Color splashing is a basic picture editing method that is utilized to accentuate specific features of a photograph. By leaving specific areas of a photograph colored, and filling the rest of the picture with grayscale, you are able to highlight certain parts of a picture to create them stand out. Probabilities are, you have possibly noticed a colour splashed photograph prior to reading this article but you just don’t know what it is called. Though some modern DSLRs today have a digital filter that can separate a single color from the other (Like a Pentax K-m), I’d like to show you how it is done on Photoshop.
There are various ways you can achieve this. The easiest way on Photoshop would be by using the Adjustment Layer and using the Black and White. To summarize things, here are the steps: (we will get into details after listing the summary)
  1. Open Image in Photoshop
  2. Adjustment Layer > Black & White
  3. Click the Black & White Layer Mask
  4. Brush with Black Paint
Here are the detailed demonstration with illustrations for examples.
1. Opening the Image in Photoshop (I know this is a no brainer…but still you’ve got to do it )

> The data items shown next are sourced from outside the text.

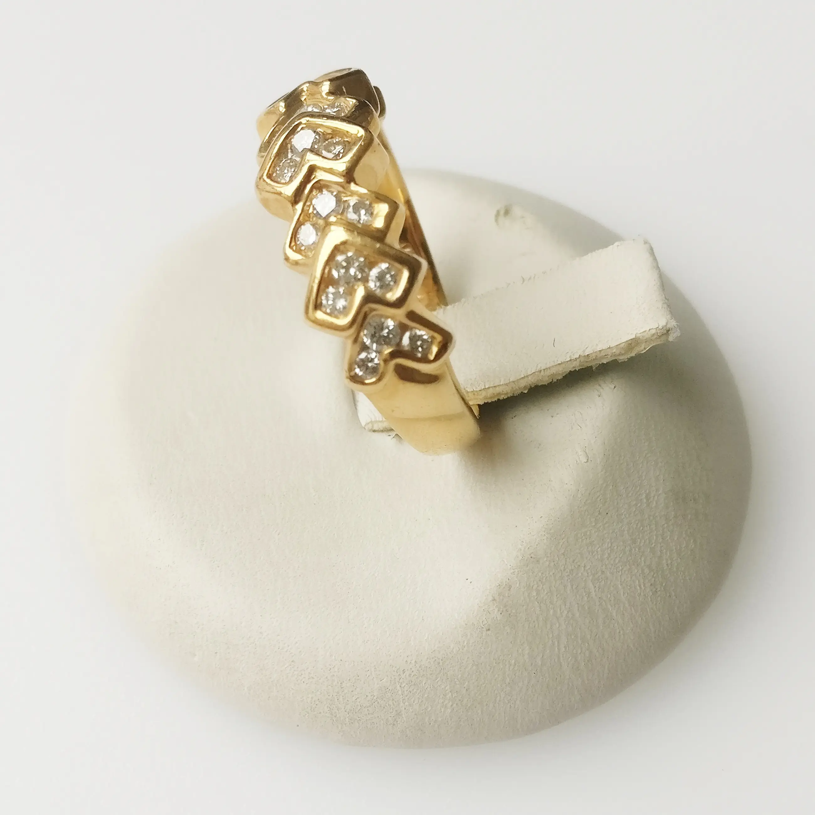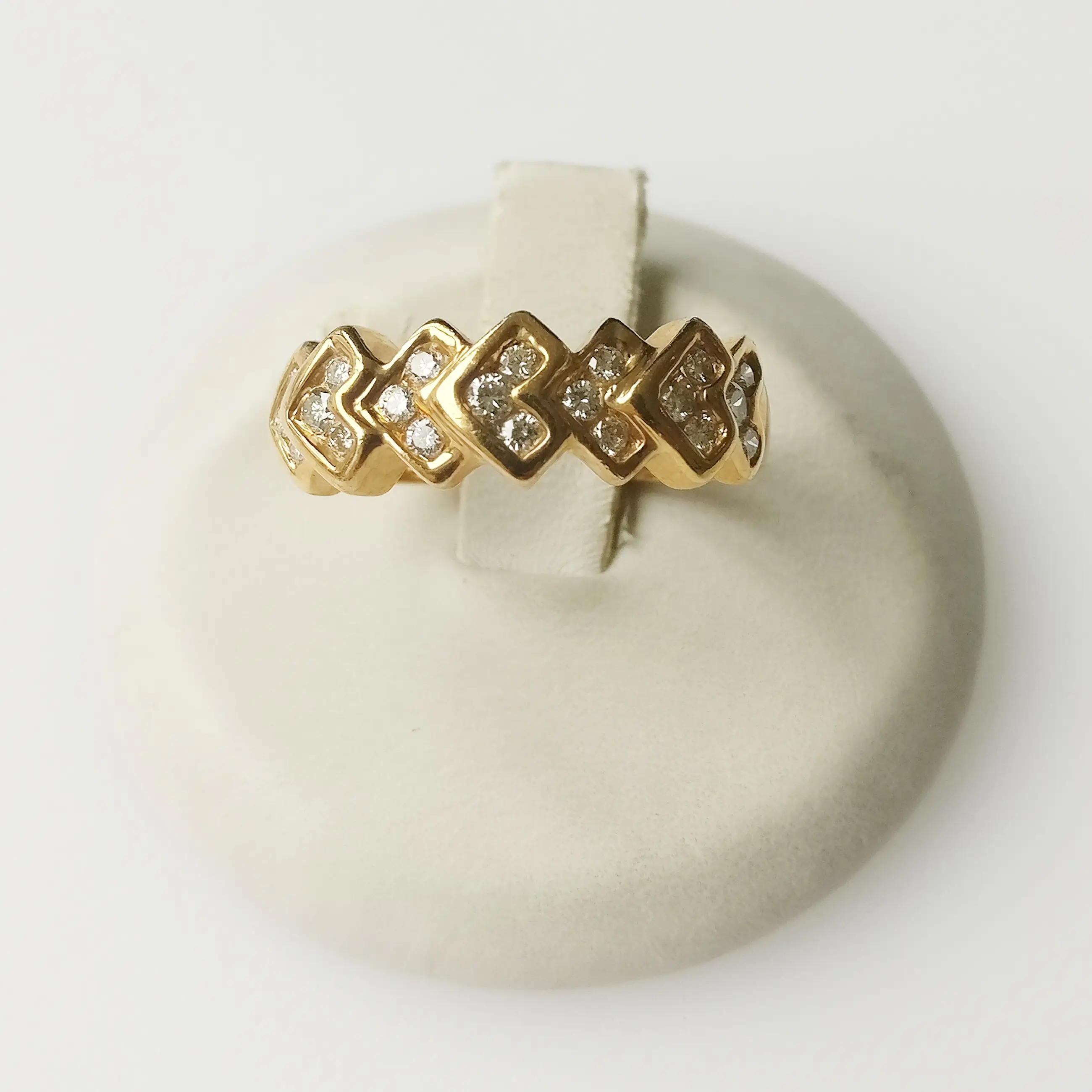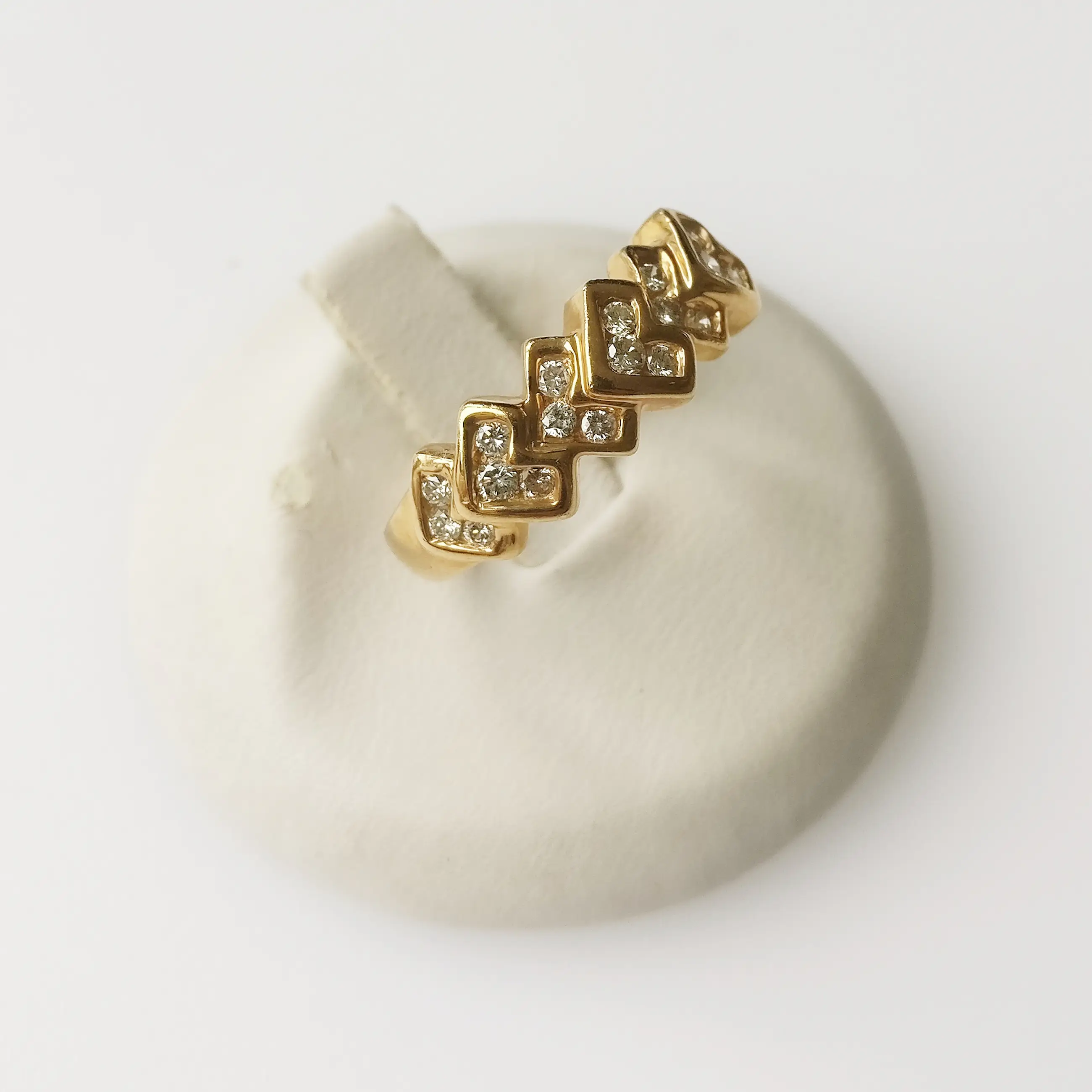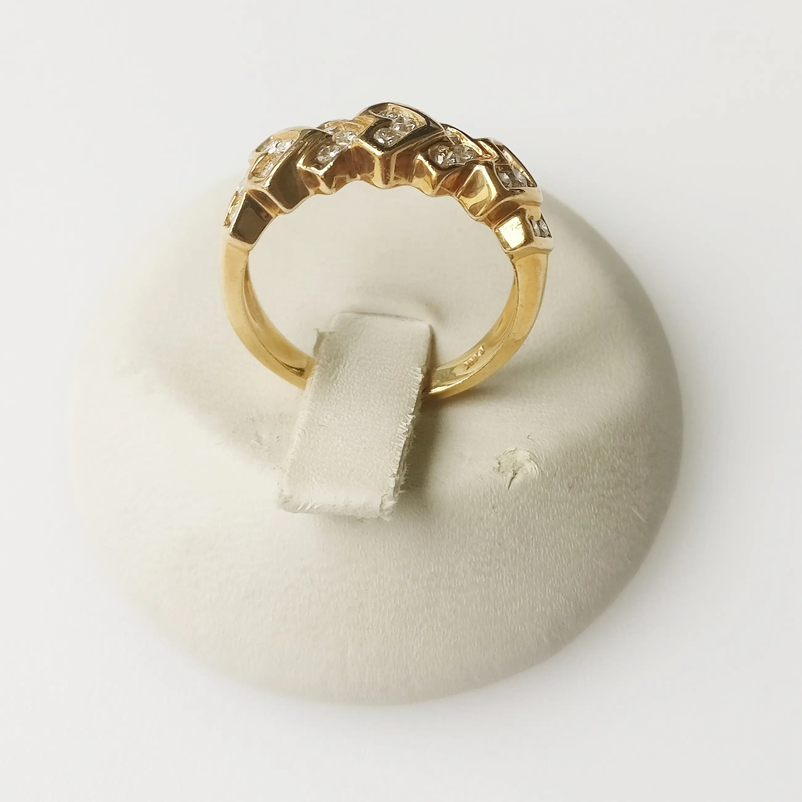 Diamanten ring in 14 karaat geelgoud Brutogewicht: 4,83 gram Bezette met 21 natuurlijke diamanten met een totaal gewicht van 0,70 ct, EF VVS-kwaliteit.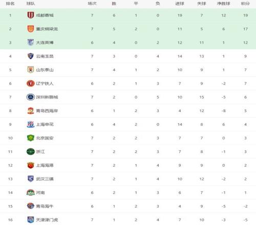 作為領頭羊球隊,成都蓉城開局六輪連續不敗,但領先優勢僅2分,稍有不慎可能會被身后的升班馬重慶銅梁龍超越。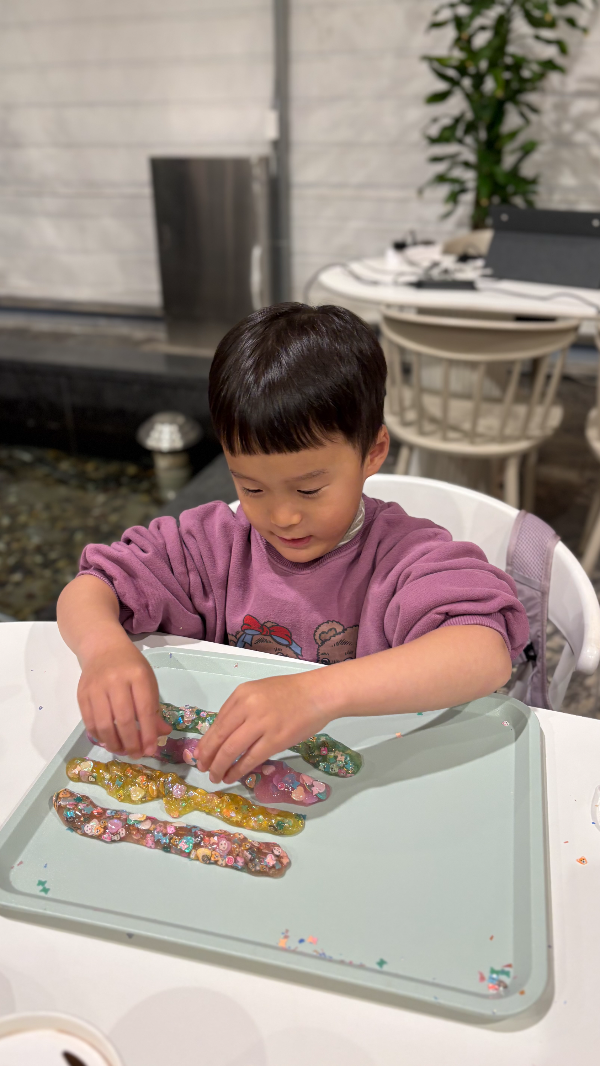 아이 표정만 봐도 여기가 얼마나 재밌는지 느껴져요. 손으로 만들고 꾸미는 놀이가 아이들한테 진짜 잘 맞는 공간이에요.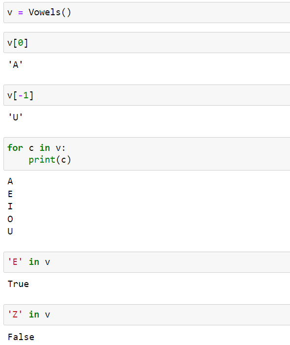 완전한 프로토콜을 구현하기 위해서는 여러 메소드들이 필요하지만, 이 메소드들 중의 일부만 구현해도 괜찮습니다. 아래 예제 코드의 Vowels 클래스를 살펴보겠습니다.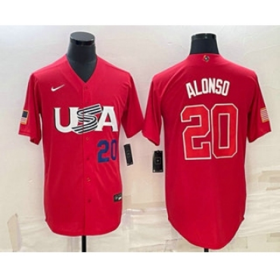>Mens USA Baseball #20 Pete Alonso Number 2023 Red World Classic Stitched Jersey1
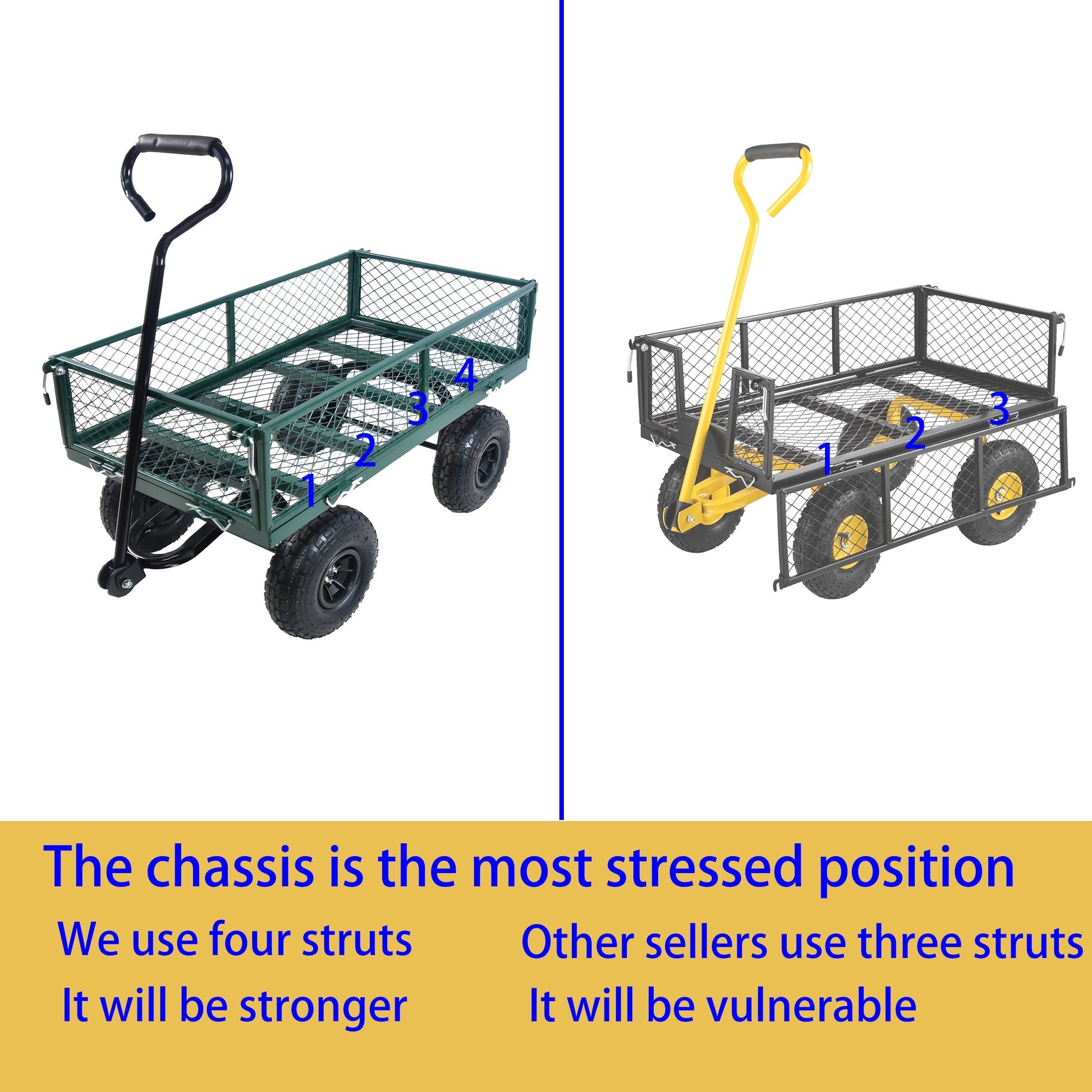 - Wide wheelbase with 10-inch rubber tires for stability and smooth movement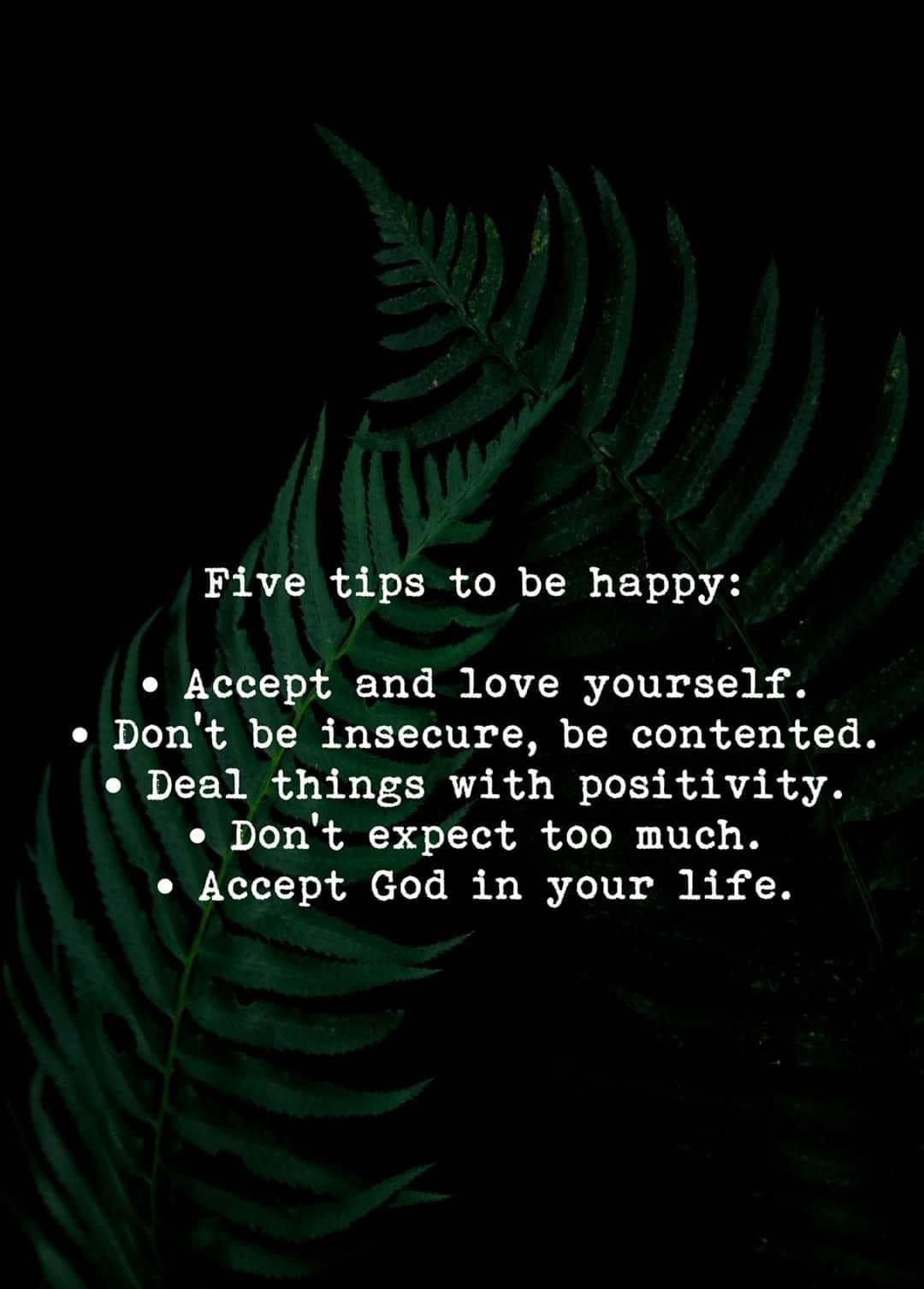 Allow yourself to seek happiness in simple things. Accept your flaws, your mistakes, your imperfection. No one should validate your worth as a person. Be contented to whatever achievements you have reached. Do not compare your victories from others. Always look at the silver lining. You do not know what the future holds, so just keep smiling. Accept God in your life. There you would know how He works for your life.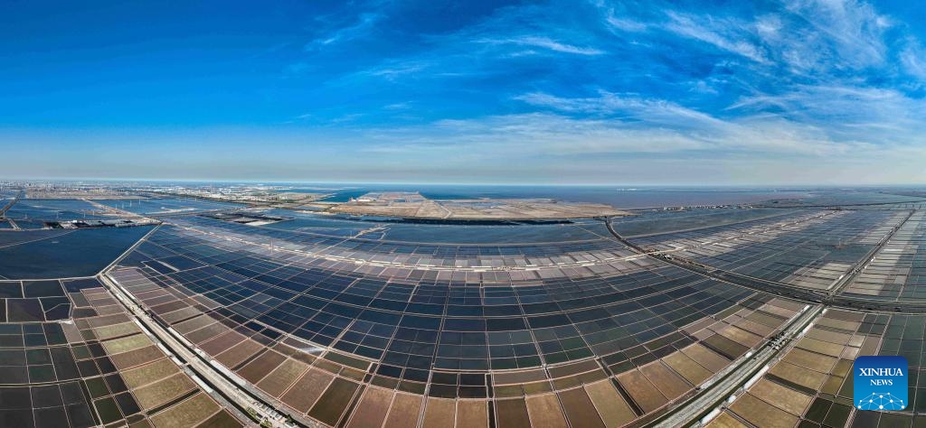 Die Luftaufnahme zeigt die Salinen der Tianjin Changlu Haijing Group. (27. April 2025, Xinhua)
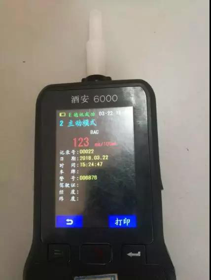經(jīng)呼氣測試,老人每呼氣測試值為123mg/100ml,民警依法對其處以罰款50元的處罰。
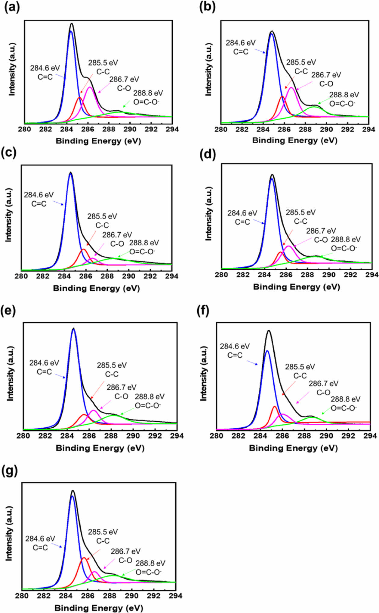 Fig. 3 C1s peak fitting spectra of (a) v-CF, (b) pyrolysis, (c) SCF, (d) SHS, (e) KMnO4, (f) mCPBA, and (g) NaOCl |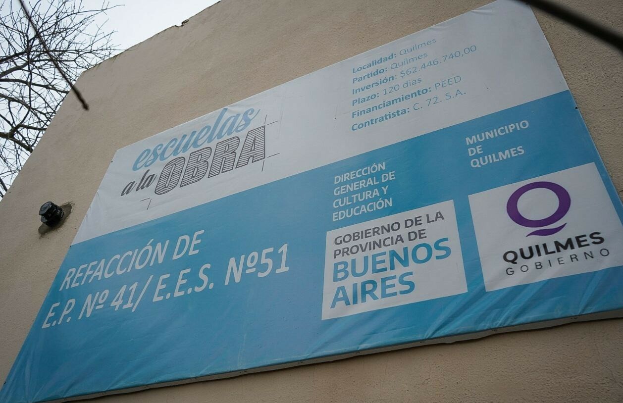 Avanzan las obras de puesta en valor, ampliación y refacción de la Escuela Primaria (EP) Nº 41 y de la Escuela Secundaria (ES) Nº 51, que comparten el edificio Beruti 3599, en Quilmes Oeste, y que son parte del programa provincial «Escuelas a la Obra».

For our example, I am going to use the image below.



2. Make the Photo Black and White – I used Photoshop CS5 for this, if you are on CS3 or CS4, you should be able to use the “Black & White”.

After this step, you should have successfully converted your image into Black and White. (Monochorome looking image)

3. Click the Black & White Layer Mask – By default, the Black & White adjustment layer should have created a new layer on top of your image layer. As you go back to your Layers Pallet, will notice the adjustment layer “Black & White” will have a white thumbnail beside it. That blank white thumbnail is called the “Layer Mask Thumbnail” Click it. See image below.

4. Select Brush Tool and Paint with Black – By painting the Layer Mask with Black color will reveal anything under it, in short, Black paint makes the layer transparent while White makes it opaque. See image below.

In the case of the image above, for demonstration purposes, I just brushed horizontal from a random point on the left going to the right just so you can see the effect.
With this, you can now brush out what ever part of your image you want the color to appear. See samples below.
With this effect, you can add more drama to your images. Just don’t be afraid to experiment to come up with different variations. There are other ways to achieve this effect though. If you shoot raw, you can manipulate the image’s saturation per color, or inside Photoshop, instead of using the Black & White adjustment, you can use the Hue Saturation to remove the color, then Mask it.